Available data –
================
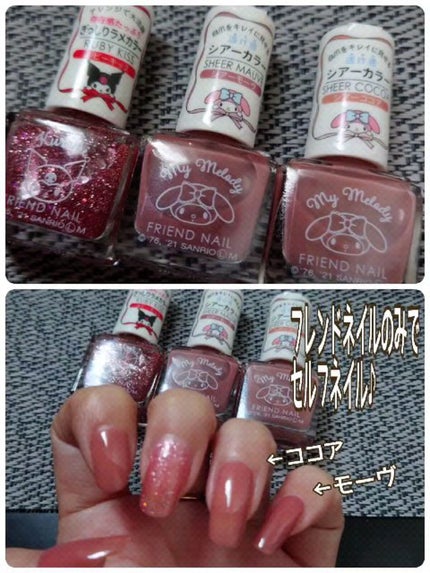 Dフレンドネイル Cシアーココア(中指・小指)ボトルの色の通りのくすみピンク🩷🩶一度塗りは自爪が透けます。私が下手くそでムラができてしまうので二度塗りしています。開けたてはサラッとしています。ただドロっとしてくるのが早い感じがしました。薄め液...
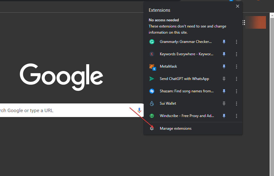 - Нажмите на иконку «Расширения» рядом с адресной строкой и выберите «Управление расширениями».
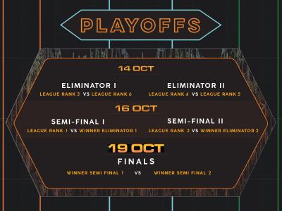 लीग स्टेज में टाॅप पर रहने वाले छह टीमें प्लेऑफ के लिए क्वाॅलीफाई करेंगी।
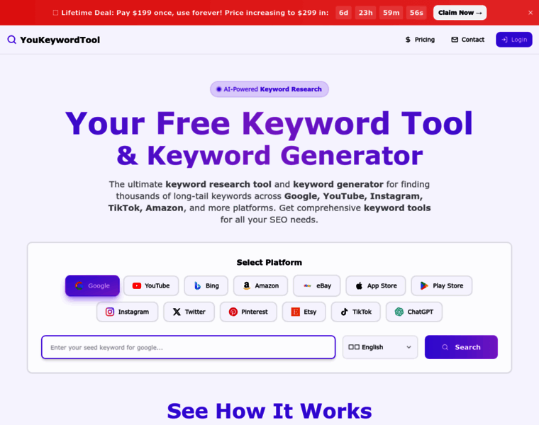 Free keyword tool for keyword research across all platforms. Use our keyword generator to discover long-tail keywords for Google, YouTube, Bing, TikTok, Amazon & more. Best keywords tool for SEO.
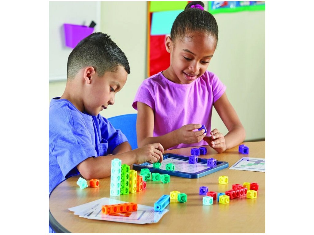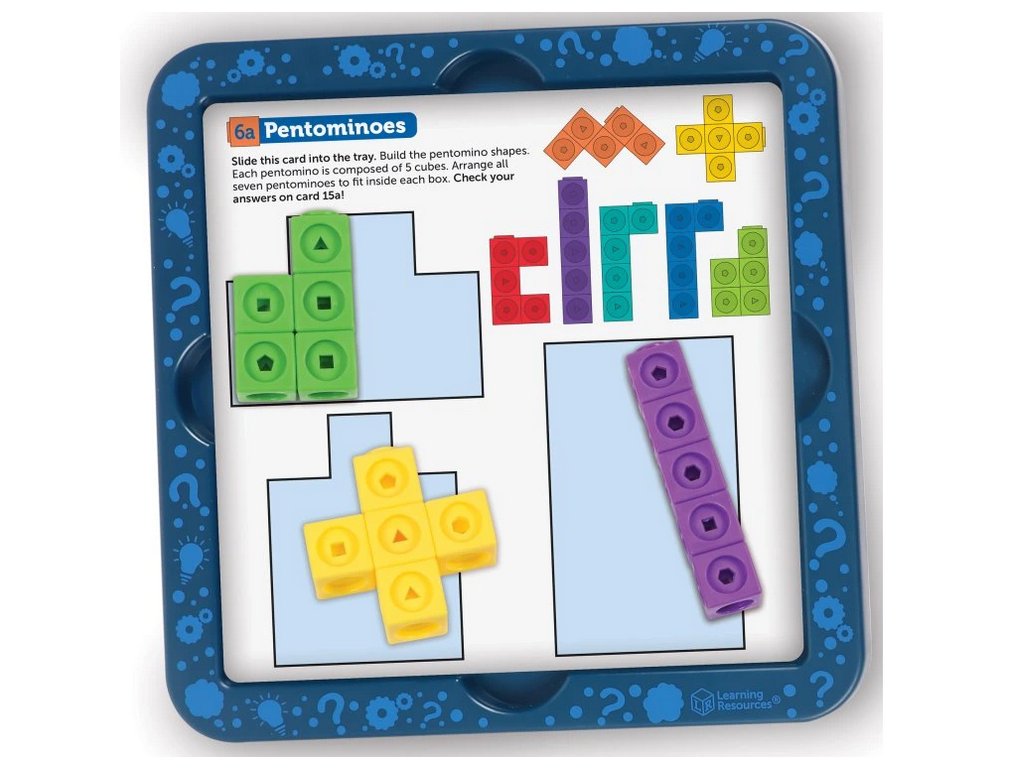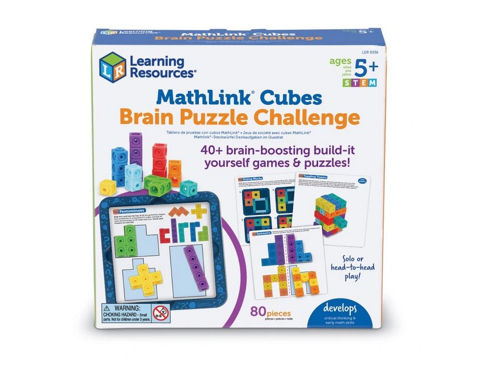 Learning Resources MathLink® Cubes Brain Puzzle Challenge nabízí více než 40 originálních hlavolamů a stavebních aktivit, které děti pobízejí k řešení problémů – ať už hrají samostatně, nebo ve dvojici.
================
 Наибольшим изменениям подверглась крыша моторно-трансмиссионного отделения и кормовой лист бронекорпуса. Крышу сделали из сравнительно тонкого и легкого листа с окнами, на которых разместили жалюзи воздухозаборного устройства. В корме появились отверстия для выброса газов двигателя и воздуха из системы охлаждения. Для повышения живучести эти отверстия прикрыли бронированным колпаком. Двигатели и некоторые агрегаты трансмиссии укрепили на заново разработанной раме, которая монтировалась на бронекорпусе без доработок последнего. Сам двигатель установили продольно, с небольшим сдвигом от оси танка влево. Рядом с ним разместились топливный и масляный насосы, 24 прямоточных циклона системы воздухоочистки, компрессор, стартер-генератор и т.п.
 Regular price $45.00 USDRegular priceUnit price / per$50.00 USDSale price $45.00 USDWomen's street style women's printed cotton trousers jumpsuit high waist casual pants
================
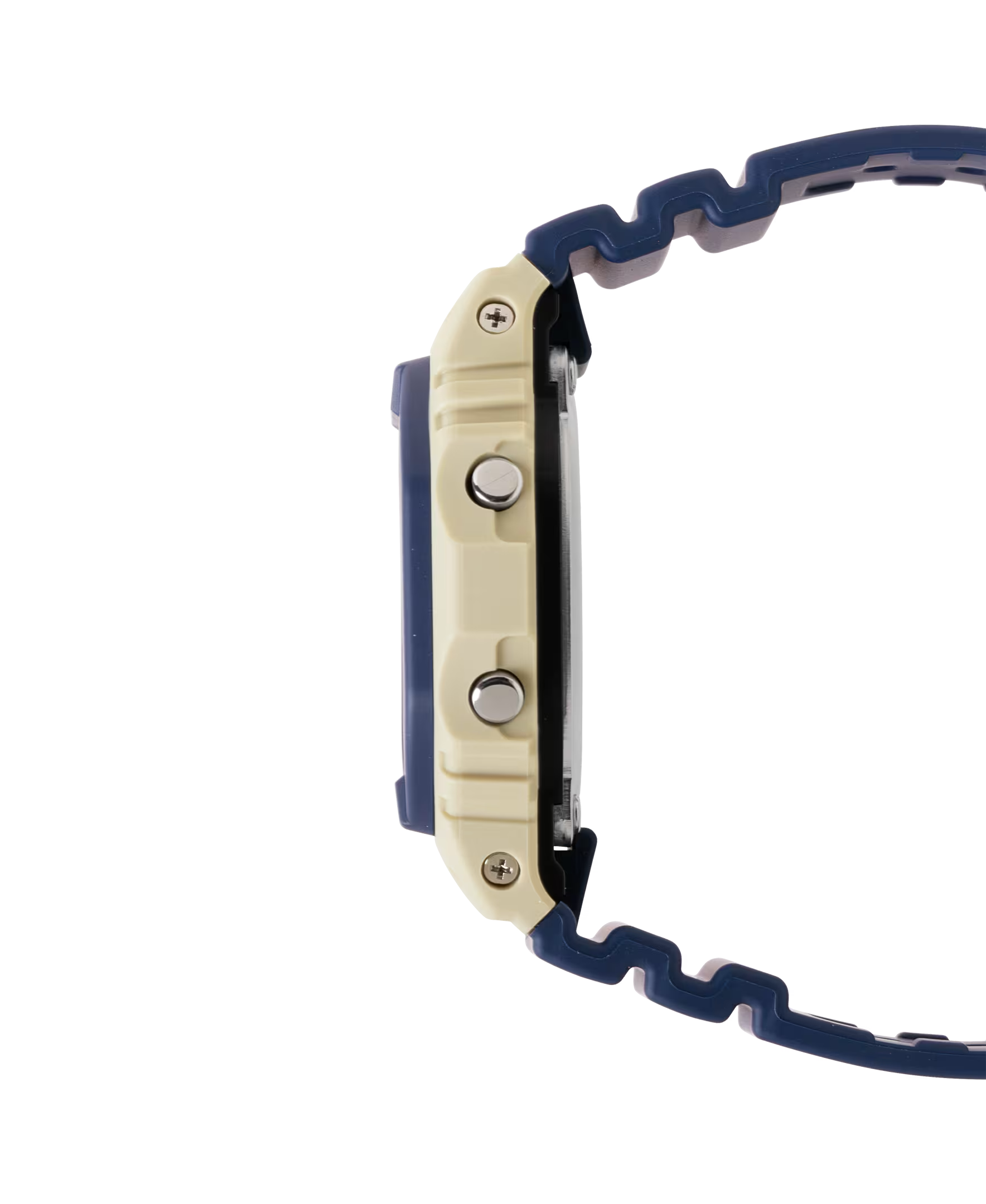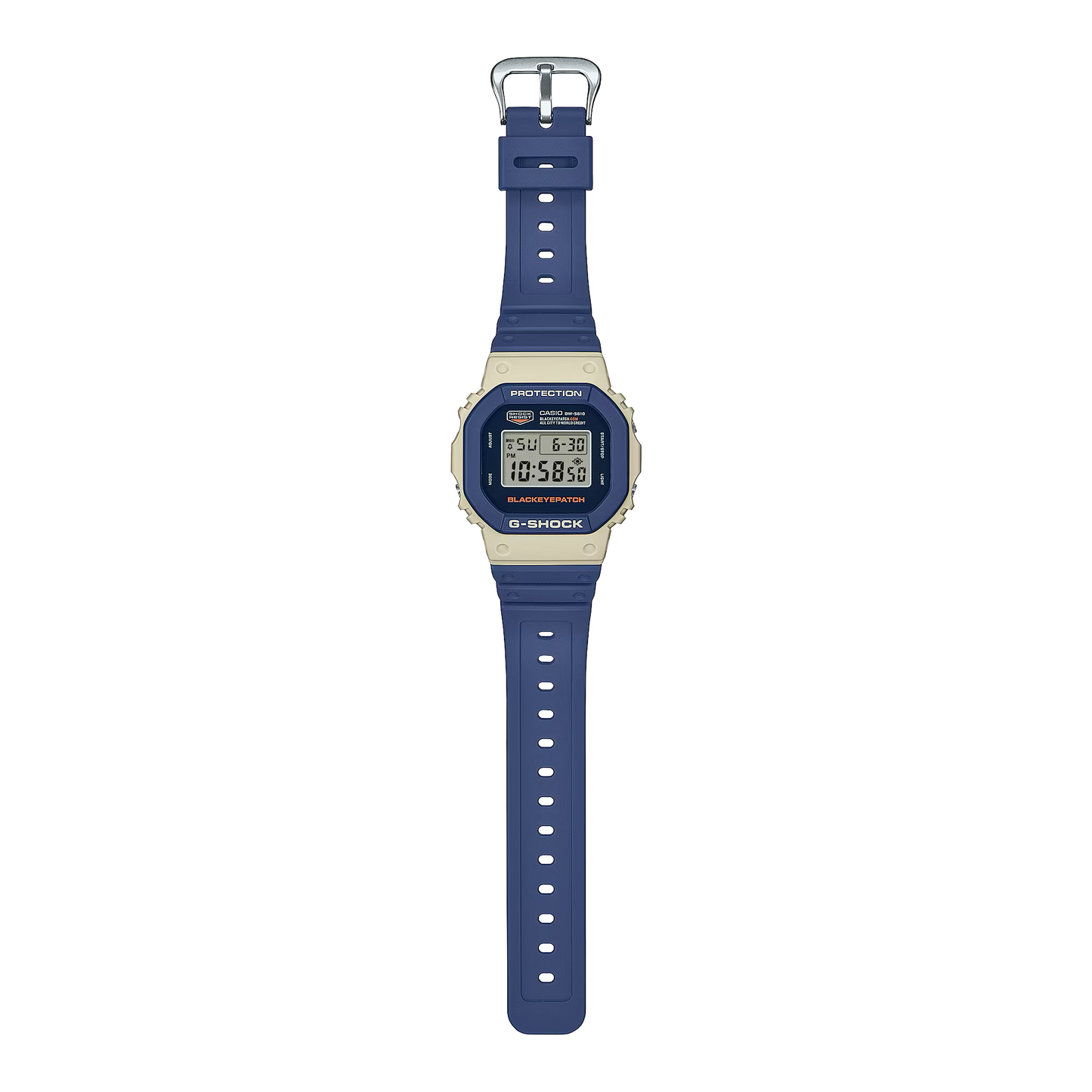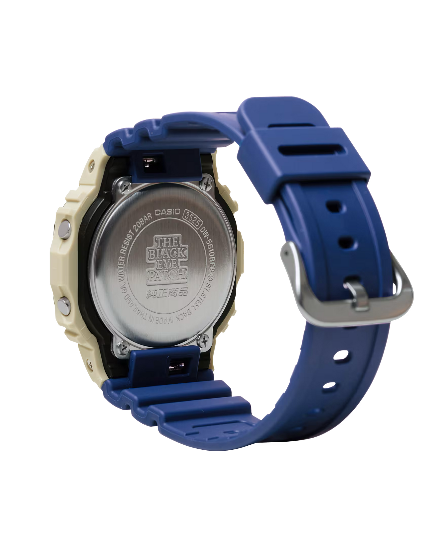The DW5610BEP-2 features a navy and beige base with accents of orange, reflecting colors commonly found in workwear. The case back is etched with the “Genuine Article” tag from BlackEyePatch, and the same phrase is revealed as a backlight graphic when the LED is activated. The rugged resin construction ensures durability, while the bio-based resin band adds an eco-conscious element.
================
The reply should hold exactly the lines above, starting at the line with "लीग स्टेज में" and ending at the line with "Free keyword tool", and no pictures.

Task solution –
 लीग स्टेज में टाॅप पर रहने वाले छह टीमें प्लेऑफ के लिए क्वाॅलीफाई करेंगी।
 Free keyword tool for keyword research across all platforms. Use our keyword generator to discover long-tail keywords for Google, YouTube, Bing, TikTok, Amazon & more. Best keywords tool for SEO.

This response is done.